Non è famosa come Gianna Nannini, ma anche una signora di Cagliari di anni 52 ha, proprio in questi giorni, partorito felicemente una bambina. Dopo dieci anni di tentativi, bombardamenti ormonali e delusioni cocenti. E un’altra donna di 49 anni, della provincia di Oristano, già nonna, ha dato alla luce un secondo figlio in seguito a un concepimento del tutto naturale (La Nuova Sardegna, 30 agosto).
In Sardegna pare ci sia la più alta percentuale di mamme over 40, anche se il presidente della Società italiana di ginecologia ci assicura che dopo i 50 le possibilità di rimanere incinta, sia naturalmente che con la fecondazione assistita, sono una su cinquecentomila (Il Salvagente, 25 agosto).

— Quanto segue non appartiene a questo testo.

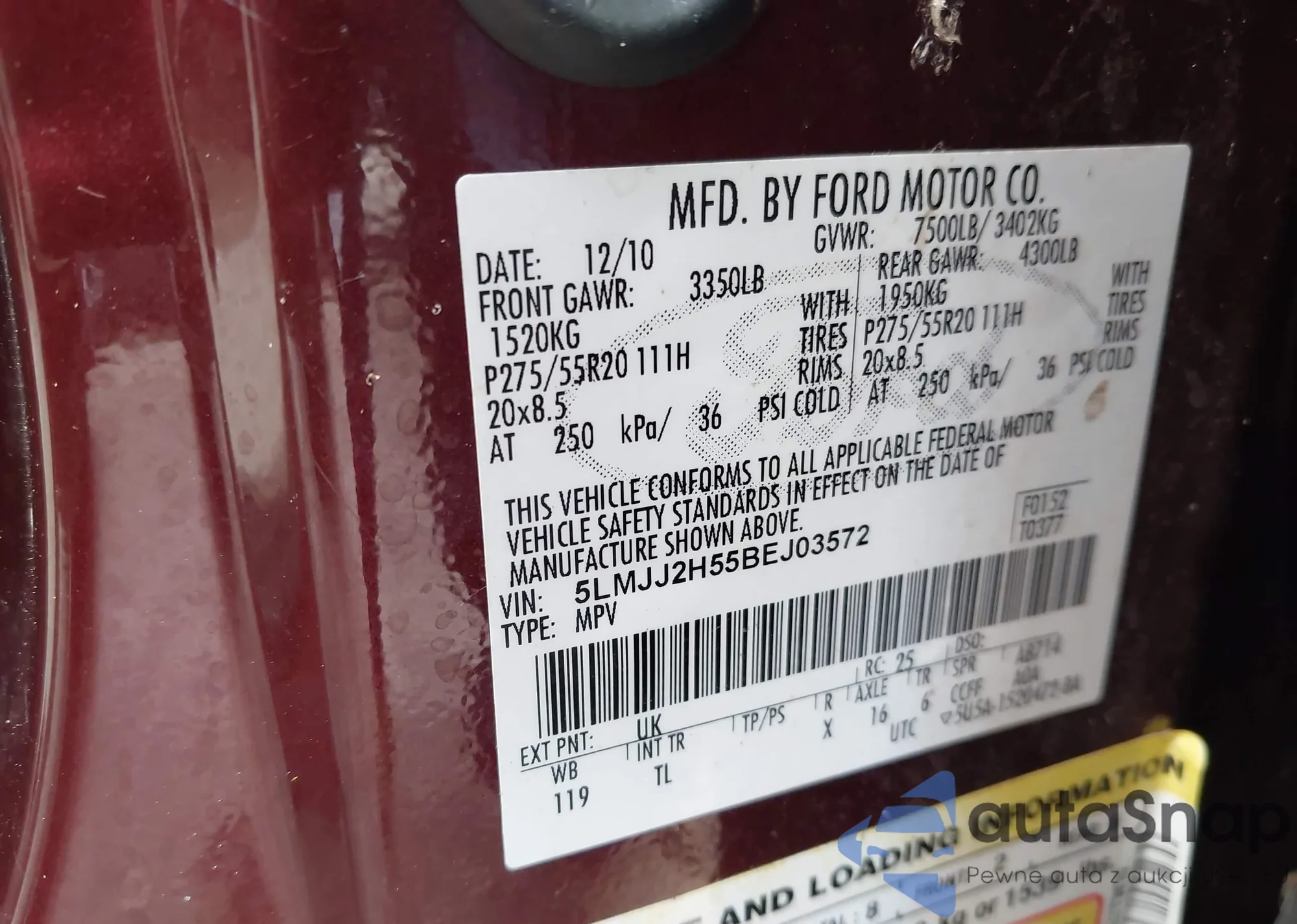 • VIN 5LMJJ2H55BEJ03572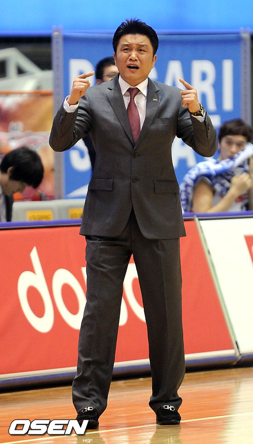 10일 오후 부산 사직실내체육관서 열린 '2011-2012 KB국민카드 프로농구' 6강 플레이오프 2차전 부산 KT와 인천 전자랜드의 경기 1쿼터 전자랜드 유도훈 감독이 아쉬운 표정으로 작전 지시하고 있다.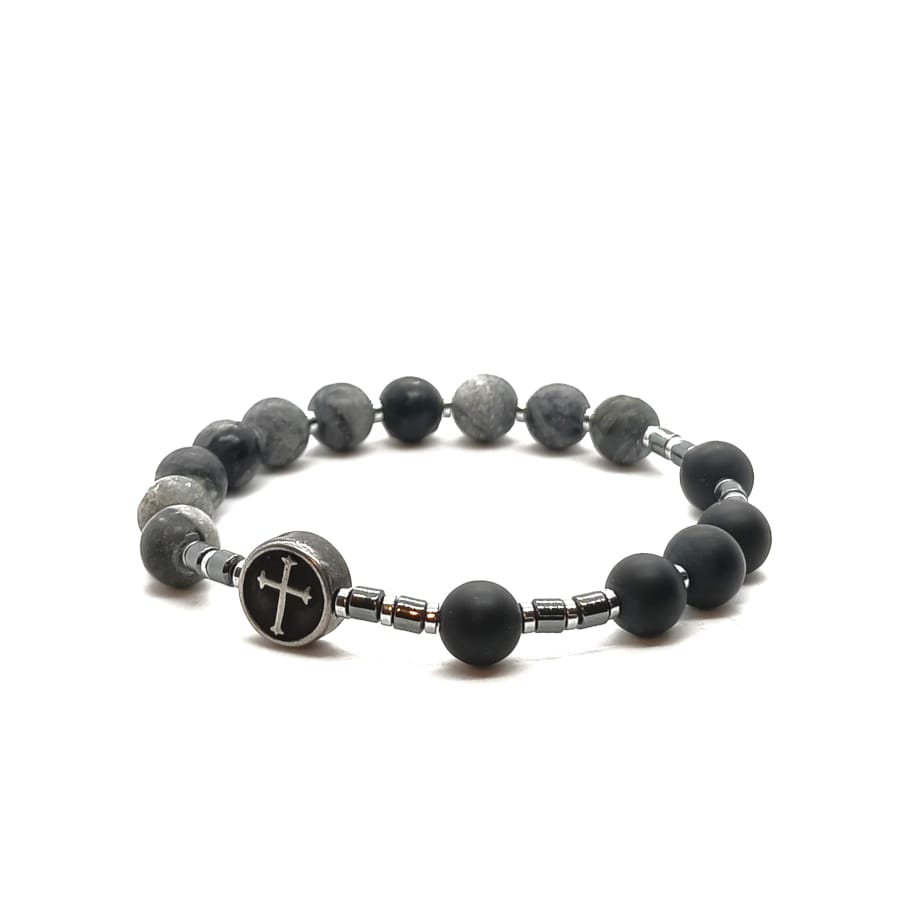 Bransoletka różaniec (dziesiątka różańca) – Jaspis szary i Lawa wulkaniczna prasowana. Różaniec typu bransoletka wykonany ręcznie, na elastycznej żyłce jubilerskiej – obwód wewnętrzny: 16,5cm. Kamienie naturalne o średnicy 8mm, monetka ze stali chirurgicznej z symbolem krzyża o średnicy 10mm, hematyt o średnicy 3mm. Różaniec na nadgarstek zarówno elegancko prezentuje się, jak i jest subtelnym wyznaniem wiary. Bransoletka różaniec wykonana ręcznie w Polsce – Bransoletki Made in Poland.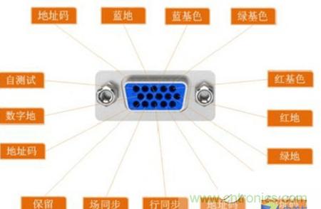 呈三列D型布置的VGA各個(gè)針腳傳輸?shù)奶囟ㄐ盘?hào)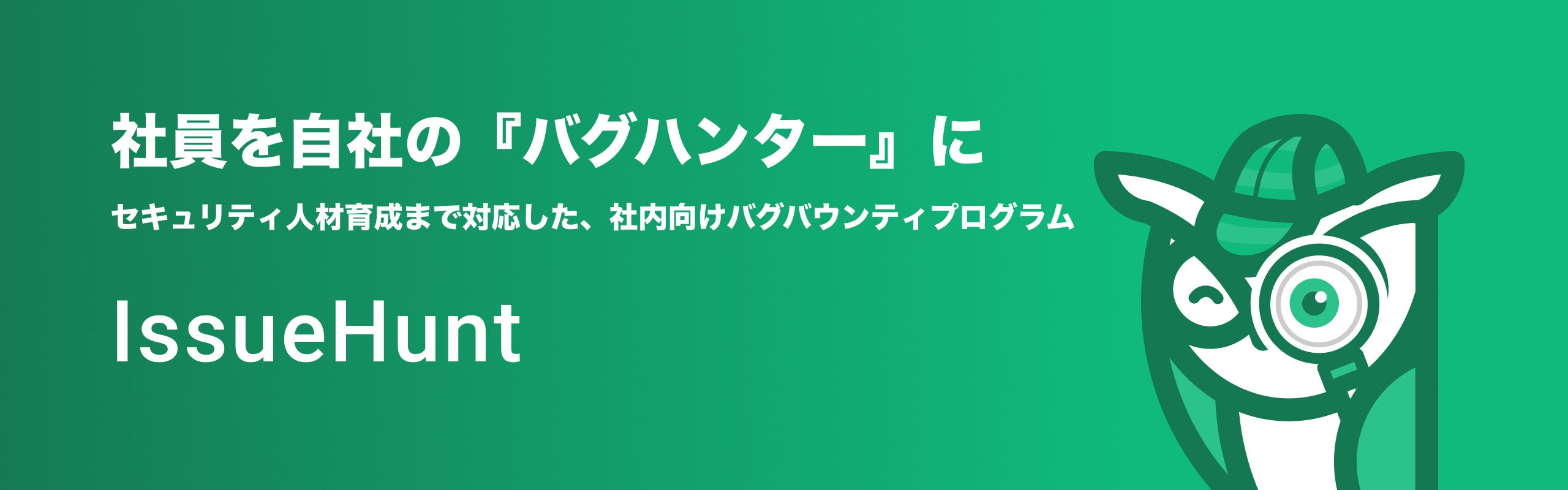 当社は、世界中のバグハンター達に、自社サービスや製品の脆弱性を成果報酬型で見つけてもらえるサービス「IssueHuntバグバウンティ」( https://issuehunt.jp/ )等の提供を行っており、上場企業を中心に導入頂いております。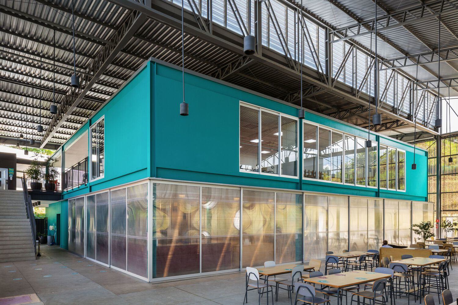 The canopy roof in front of the building is made of honeycomb polycarbonate panels, which, combined with polycarbonate blinds, form a good ventilation system. Furthermore, the internal space of the Castanheiras Arena is mainly composed of a metal structure and a steel deck slab, allowing it to better adapt to the microclimate of the surrounding environment. The arena's floor plans also include restrooms, a restaurant, and a kitchen, with the top floor housing art and cinema classrooms, as well as a theater.

La discussione sulla maternità di Gianna Nannini è stata intensa soprattutto sui blog e ha diviso i fans della cantante. Il Corriere della sera ha aperto un dibattito. Un “rompicapo etico-rock” lo ha definito Maria Luisa Agnese che si chiede se sia egoismo o generosità a motivare la sfida contro “l’ingiustizia genetica” che consente solo agli uomini di avere figli in tarda età (25 agosto).
E’ “una cosa per vip” avere un figlio a 54 anni, osserva Isabella Bossi Fedrigotti, ma vedrete che il costume di pochi privilegiati in breve diventerà di molti, (e la Sardegna insegna). E poi, aggiunge, una cinquantenne di oggi ce la può fare (25 agosto). “Meglio avere un figlio a 50 anni che nessun figlio” commenta Melania Rizzoli, la quale, essendo deputata, non dimentica le responsabilità del ruolo e quindi aggiunge: “vista la situazione demografica del nostro paese”.

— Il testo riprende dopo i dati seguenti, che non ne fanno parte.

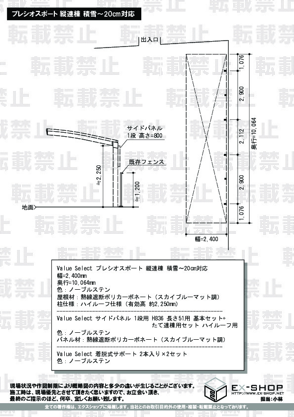 奥行10,064mm・ハイルーフ仕様と大変広々とした縦連棟タイプのプレシオスポートがしっかりと施工出来ましたこと、大変嬉しく存じます。お気に召して頂き、永く愛用して頂けましたら幸いでございます。また、お客様により見やすい・分かり易いホームページを目指し、日々自社で開発を行っておりますので、このようなお言葉を頂き、大変嬉しく存じます。これからも、お客様のご期待を裏切らないよう精進して参りますので、また機会がございましたら、ぜひエクスショップをご利用頂けますよう、宜しくお願い致します。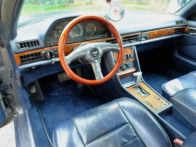 Innenraum: Raid-Lenkrad, Drehzahlmesser mit Highlight, Zusatzinstrumente im Radioschacht, Lorinser-Tacho bis 300 km/h, T-Stifter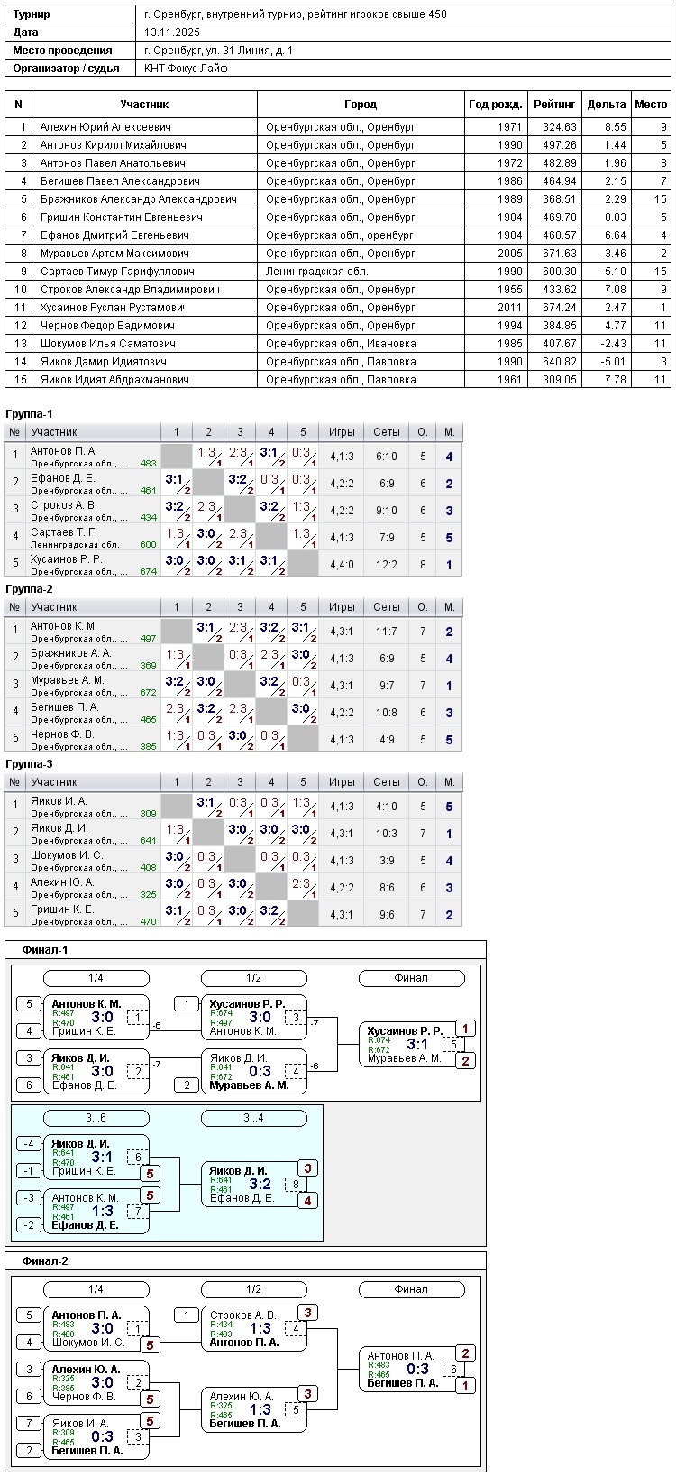 В турнире игроков, рейтинг свыше 450, приняли участие 15 спортсменов.

La differenza d’età? Non è un problema, dice Camilla Baresani, “c’è gente che è nata vecchia”. E anziani con la gioventù nel cuore. L’etica non c’entra, sostiene Anselma Dell’Olio, il problema è la salute. Il bombardamento ormonale può essere all’origine di cancri galoppanti (26 agosto). A questo proposito Il Foglio (28 agosto) segnala un documentario americano, “Eggsploitation”, che racconta il calvario sanitario di molte giovani donatrici di ovuli, che rischiano, a intervento effettuato, di diventare sterili, malate o morte.

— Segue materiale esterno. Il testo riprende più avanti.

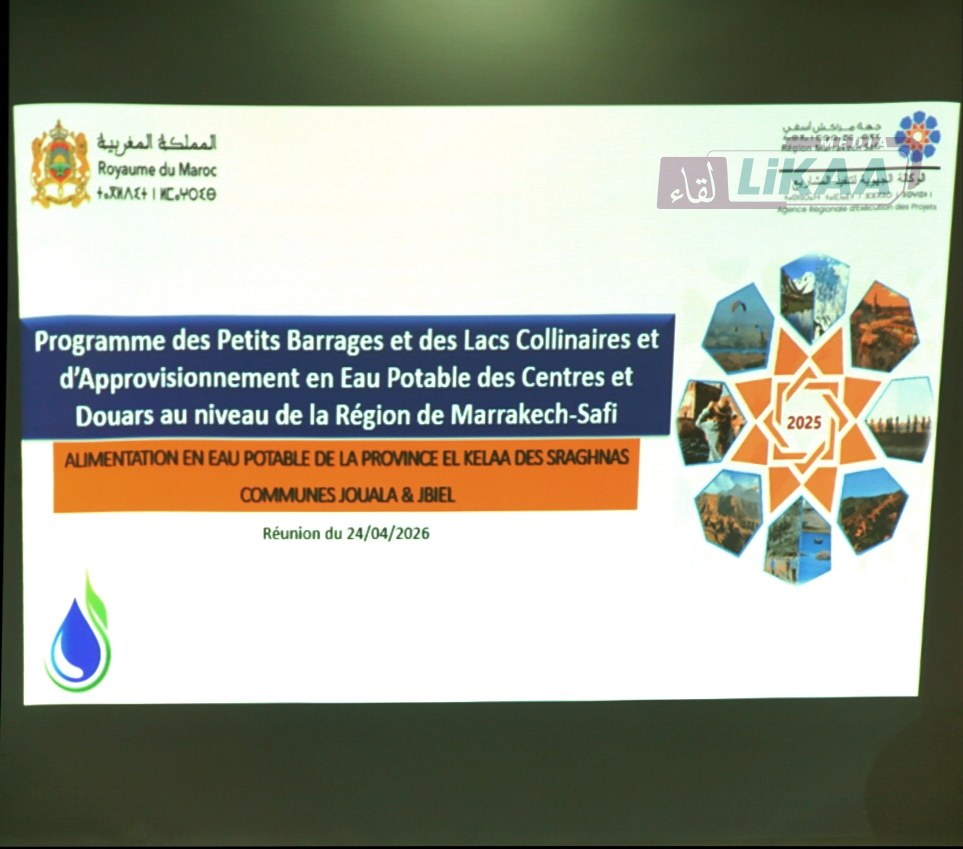 انعقد، يوم 24 أبريل 2026، بمقر إقليم قلعة السراغنة، اجتماع ترأسه عامل الإقليم سمير اليزيدي، خُصص لتتبع تقدم مشروع تزويد دواوير جماعتي جبيل وجوالة بالماء الصالح للشرب، بحضور مختلف المتدخلين المعنيين.

Insomma: la sfida all’ “orologio biologico” è pericolosa per sé e per le altre. Oltre che per il figlio/a che avrà una madre nonna, per quanto giovanile. Difficile dare torto a Silvia Vegetti Finzi che, sempre sul Corriere (28 agosto), avverte che una cosa è il “tempo sociale” e un’altra il “tempo biologico” e che i due non coincidono. Ed è inutile rassicurarsi con l’avanzamento dell’aspettativa di vita: “si prolunga la vecchiaia piuttosto che la giovinezza” dice. Spietata. E’ un fatto questo con cui tutti, noi donne innanzitutto, dobbiamo fare i conti.